I guess I could just skip it if nr_states == 1 because that case means
the same cost for all frequency values.

>
> I may be echoing Dietmar's comments here. What's the problem of just
> having 3 domains?

The energy-efficiency of a CPU is not strictly related to its capacity.

It's about the cases when there are some special CPUs that can
turbo-up higher, but there's no other difference between them and the
other CPUs in the domain.

> Or, could you just specify the same capacities so that the same-capacity
> check won't fail, but just to use hardware load or CPU pressure to model
> the slight difference in real capacities?
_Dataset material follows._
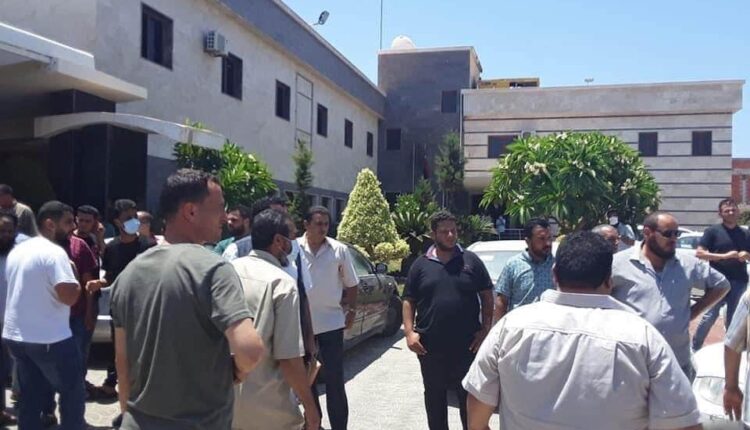 عمال شركة النظافة يحتجون أمام وزارة الحكم المحلي بطرابلس نتيجة تأخر مرتباتهم

This way you'd re-use a lot of
> existing infrastructure.

That would have been confusing though, so thanks, but no thanks.

> >       /*
> >        * Use a mutex to serialize the registration of performance domains and
> >        * let the driver-defined callback functions sleep.
> > @@ -590,6 +601,15 @@ int em_dev_register_perf_domain(struct d
> >                               ret = -EEXIST;
> >                               goto unlock;
> >                       }
> > +
> > +                     /*
> > +                      * The capacity need not be the same for all CPUs in a
> > +                      * stub perf domain, so long as the average cost of
> > +                      * running on each of them is approximately the same.
> > +                      */
> > +                     if (stub_pd)
> > +                             continue;
> > +
> >                       /*
> >                        * All CPUs of a domain must have the same
> >                        * micro-architecture since they all share the same
> >
> >
> >
>
>
Re: [RFC][PATCH v0.1 3/6] PM: EM: Add special case to em_dev_register_perf_domain()
Posted by Dietmar Eggemann 1 year, 1 month ago
On 08/11/2024 17:38, Rafael J. Wysocki wrote:
> From: Rafael J. Wysocki <rafael.j.wysocki@intel.com>
> 
> Allow em_dev_register_perf_domain() to register a cost-only stub
> perf domain with one-element states table if the .active_power()
> callback is not provided.
> 
> Subsequently, this will be used by the intel_pstate driver to register
> stub perf domains for CPUs on hybrid systems.

Looks like a 'stub' PD only distinguish itself from a normal PD by not
checking that all CPU in that PD have the same CPU capacity value?

I assume you do this since the Performance Cores (CPUs) can have
different CPU capacity values due to slightly different 'itmt prio' values?

So strictly speaking such a Intel hybrid machine would be tri-gear
system to fit the definition of a PD.

I thought initially by reading the word 'stub' that you only setup a
part of the default EM infrastructure.

[...]